As an aside, I think a large reason for the existence of the Demo Gods is that we don’t spend enough time using our software directly with real people.
For the six week surge to make sense, we need to have a good idea of what will be included. Instead of lengthy, inevitably incorrect, estimation sessions, we should first build a detailed “Definition of Done”. This is not a functional specification, but should include the boundary of what can and can’t be achieved in six weeks.
If it is not clear what the surge definition of done will look like, perhaps the problem statement is not well understood. Instead of launching into a poorly understood set of work, set aside a week for a prototype sprint. The goal of this sprint should be to reduce ambiguity of the most unclear problems. It is not to wireframe a well-understood flow that feels good to visualise, but doesn’t reduce uncertainty.
By having a clear Definition of Done and a longer timeframe to work within, detailed specific estimations are not required. Developers hate estimating, because we have all been burnt by the “easy” requirement that turned out to have huge hidden complexity, or the framework bug that wasted days of investigation. And that’s assuming something is possible at all!

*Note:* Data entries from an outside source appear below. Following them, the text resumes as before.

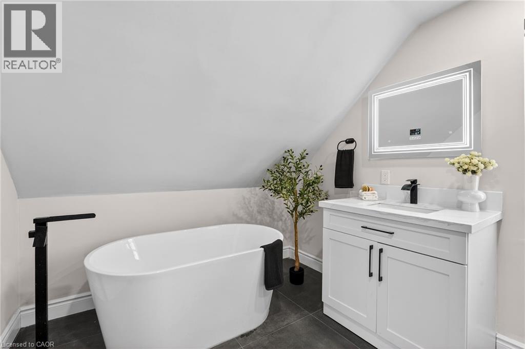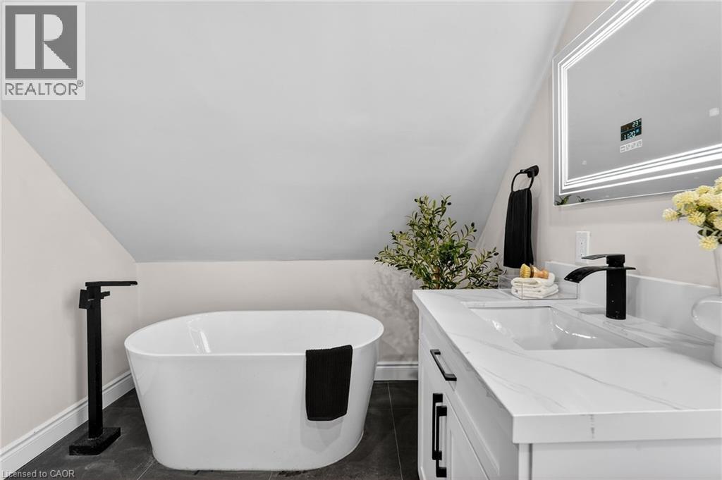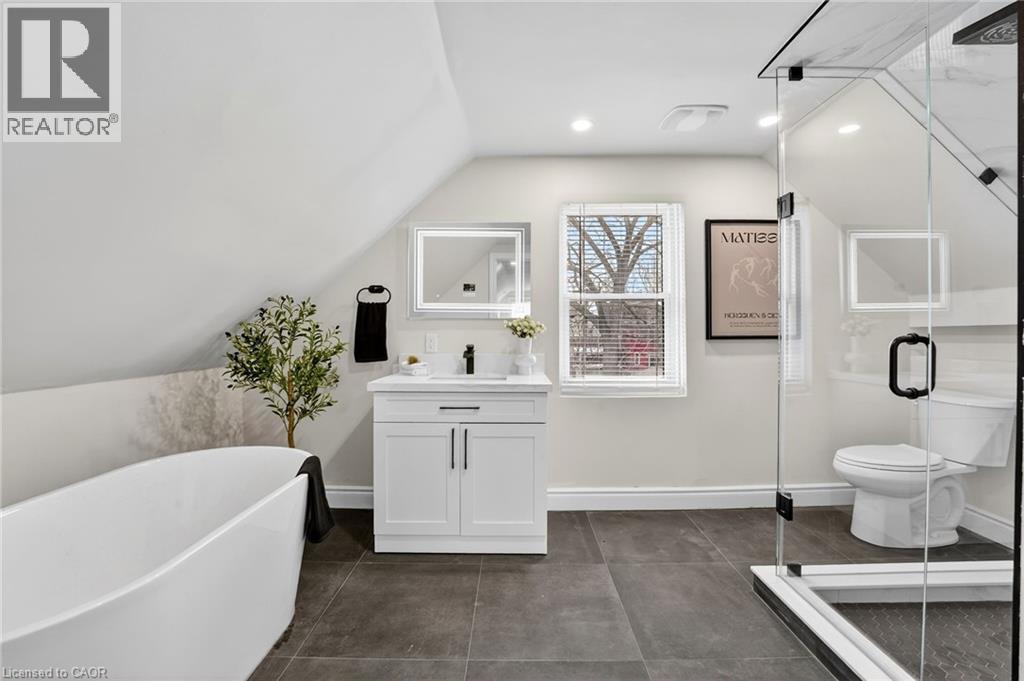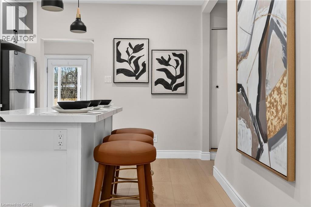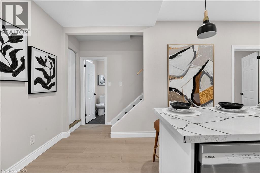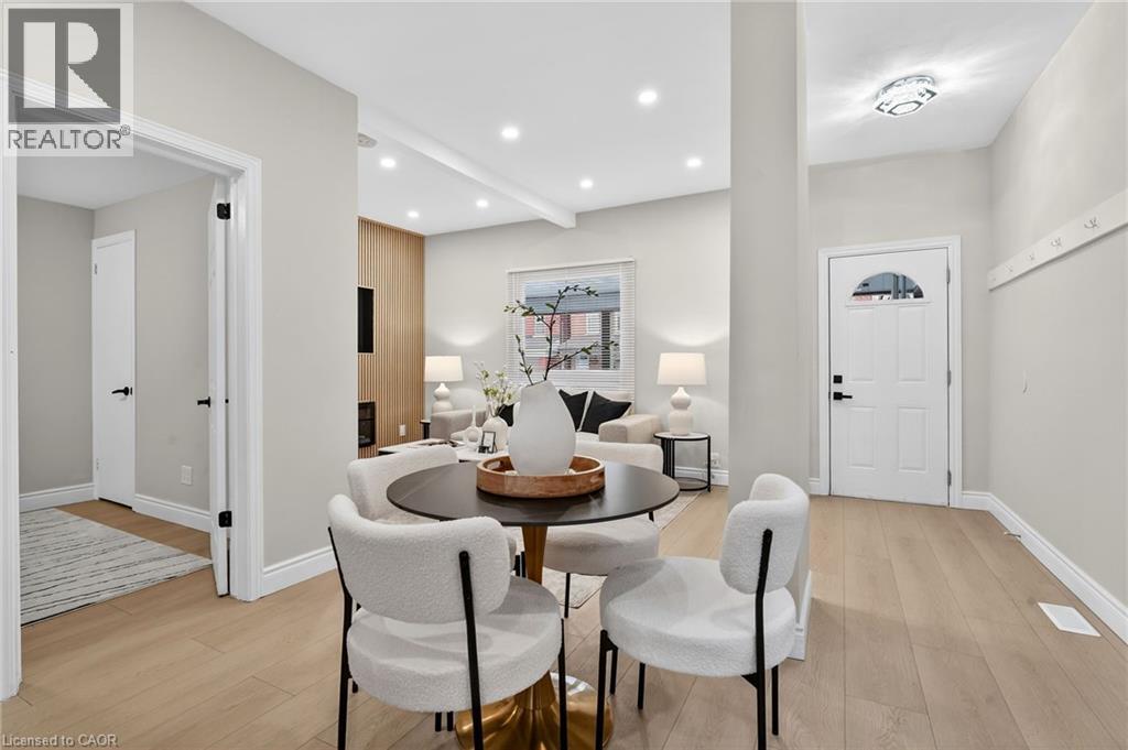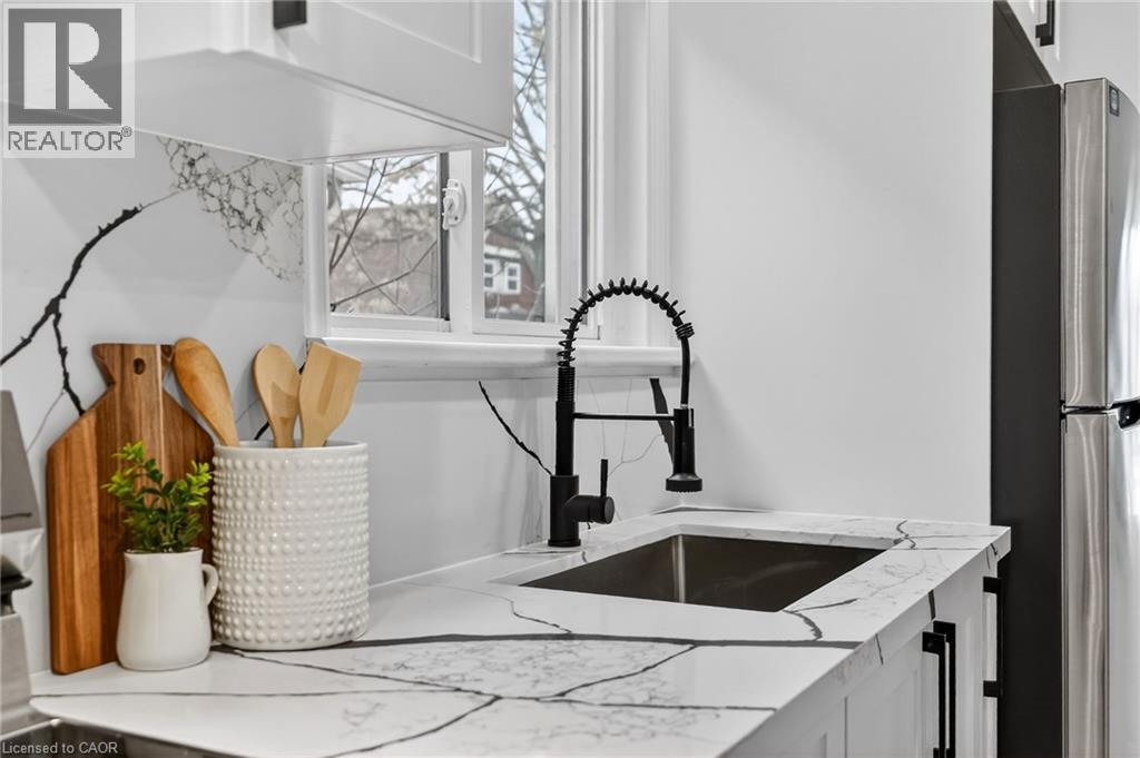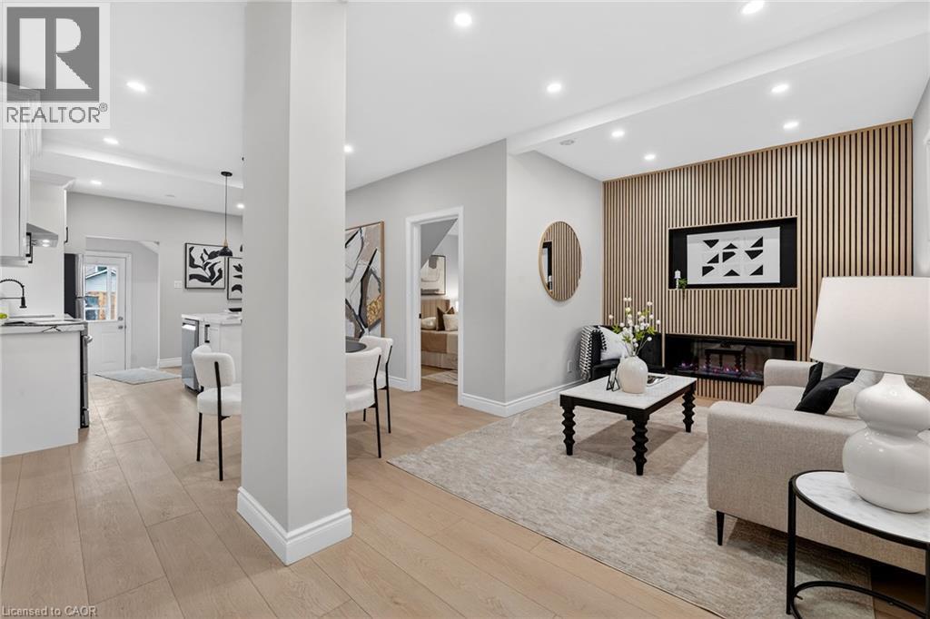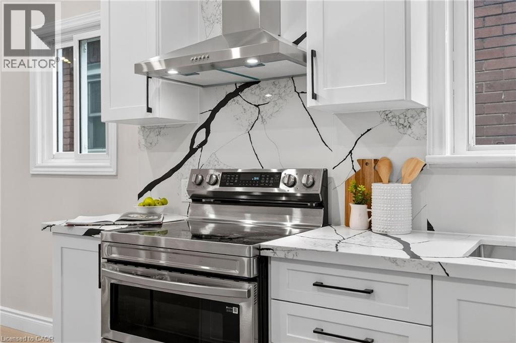 Welcome to 201 Grosvenor Avenue, where modern design meets community charm in one of Hamilton's coolest neighbourhoods-Crown Point. This beautifully updated 2+1 bedroom, 2 bathroom home is the perfect blend of style, comfort, and functionality, ready to create years of great memories.Step inside and you're immediately greeted by soaring ceilings and a bright, cozy living space featuring a statement feature wall and electric fireplace, all anchored by an oversized window that looks out onto your private deck-ideal for both relaxing evenings and lively gatherings.The open-concept designer kitchen flows seamlessly from the living area, making it perfect for entertaining and everyday family life. Finished with stainless steel appliances, modern cabinetry, and plenty of prep space, this kitchen truly sits at the heart of the home. The main level also offers a versatile bedroom-ideal as a home office or guest room-along with oversized laminate flooring and a full bathroom complete with a glass-enclosed standing shower.Upstairs, retreat to your private primary suite, featuring an oversized bedroom, a custom built-in his-and-hers closet, and a spa-inspired ensuite with a four-piece bath, standing shower, tub, and a window overlooking the backyard.Outside, the home continues to impress with an oversized poured concrete patio and a generous backyard designed for entertaining. Enjoy the built-in bar setup, TV inserts, and a shed for extra storage-perfect for hosting friends, family, and game nights.Additional highlights include two parking spaces and a prime location just minutes from Ottawa Street, known for its vibrant shops, cafés, and community atmosphere.This is modern Crown Point living at its best-move in, unpack, and enjoy. (id:4555)
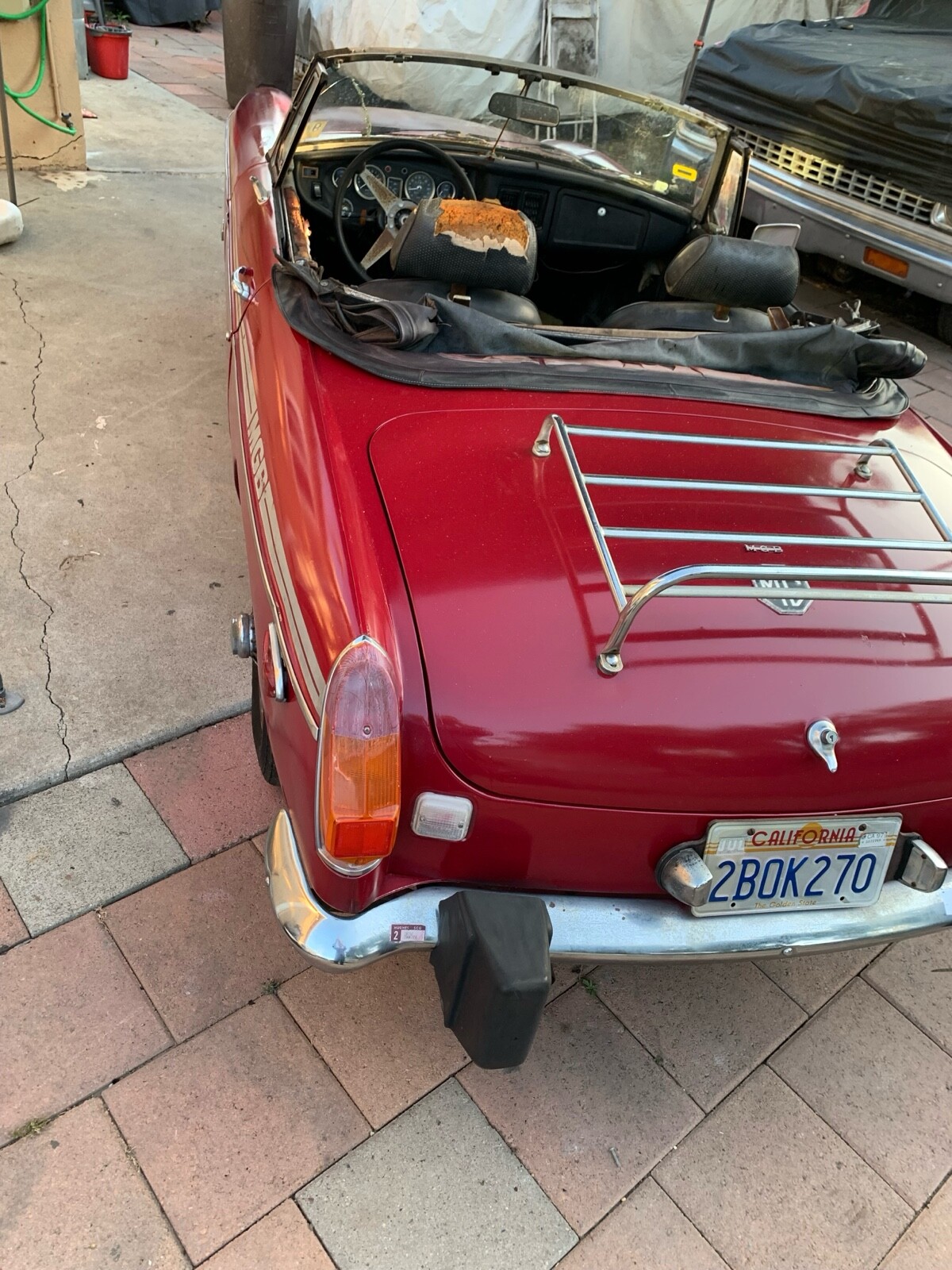 This is a 1974 MG that will not need to be smog in California or I think anywhere else lol the car has been sitting since 1997 this car is a one owner bought it brand new All original absolutely zero rust, anywhere clean floors, frame, quarters fenders trunk, etc. no rust as can see in the pictures the car will need to be restored and will be sold as is complete car no parts missing I have the original title of ownership. The car was running before it sat and the engine does turn with a battery if interested in seeing a video of it sitting, let me know and I’ll send it to you or for more info. Feel free to give me a call at 424-204-3365. Car will be sold with no reserve, good luck and thanks
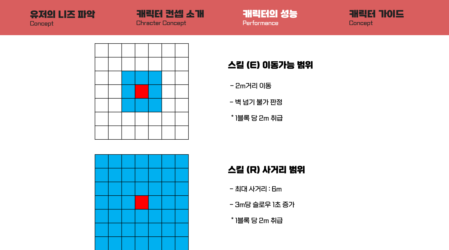 하지만 기획하는 캐릭터는 이러한 근거리 캐릭터들과 달리, 높은 난이도와 숙련도를 요구하는 전략적 플레이를 강조합니다.
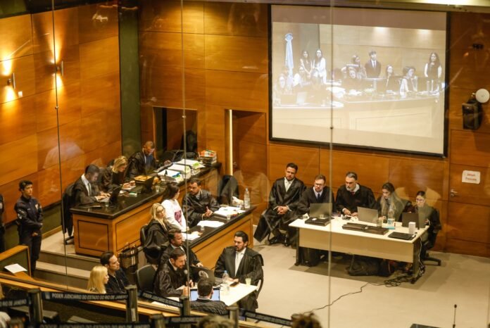Com entrada restrita (era preciso ter um cartão de cadastro em mãos até para ir ao banheiro) e proibição do uso de celulares, o II Tribunal do Júri — no prédito do Tribunal de Justiça do Rio, no Centro da capital fluminense — abriu as portas para parentes dos réus (Dr. Jairinho e Monique Medeiros) e da assistência de acusação (Leniel Borel), assim como curiosos e apoiadores. Separadas do plenário, que fica no andar debaixo, por vidros, essas pessoas reagiram a tudo que aconteceu nas cerca de três horas de sessão que julgaria o homicídio do menino Henry Borel. Por conta do abandono da defesa de Jairinho, o julgamento acabou adiado para 25 de maio.

Note: XKCD is always amazing, but this goes to show how quickly the macro environment can change - that research team and five years produced great results!
Since there is a commitment to complete everything within the six week sprint, prioritisation is less important - developers can use their own common sense. Wildly incorrect assumptions, or team members not pulling their weight will still be addressed in the retrospective - at least to the level that was ever possible during a normal sprint.
At MISSION+ we’re still experimenting with Surge Sprints - we’ll write a follow up article soon to let everyone know how it went!
So in summary:
- 6 week sprints
- Chat standup bot updates every day
- Two alignment meetings with product per week
- Release frequently, using feature flags to control what functionality is available
- Agree to a clear Definition of Done, simplify estimations
- If a clear Definition of Done is not possible, do a one-week prototype sprint
- One (or more) user testing session per surge
- Developers can use common sense to prioritise within a sprint, but ensure to address misbehaviours in the retrospective
The Agile Manifesto starts with “We are uncovering better ways of developing software by doing it and helping others do it.”. Our collective learnings and understanding have uncovered better ways of doing Scrum, and that’s what Agile is all about! So we’re not Anti-Agile after all.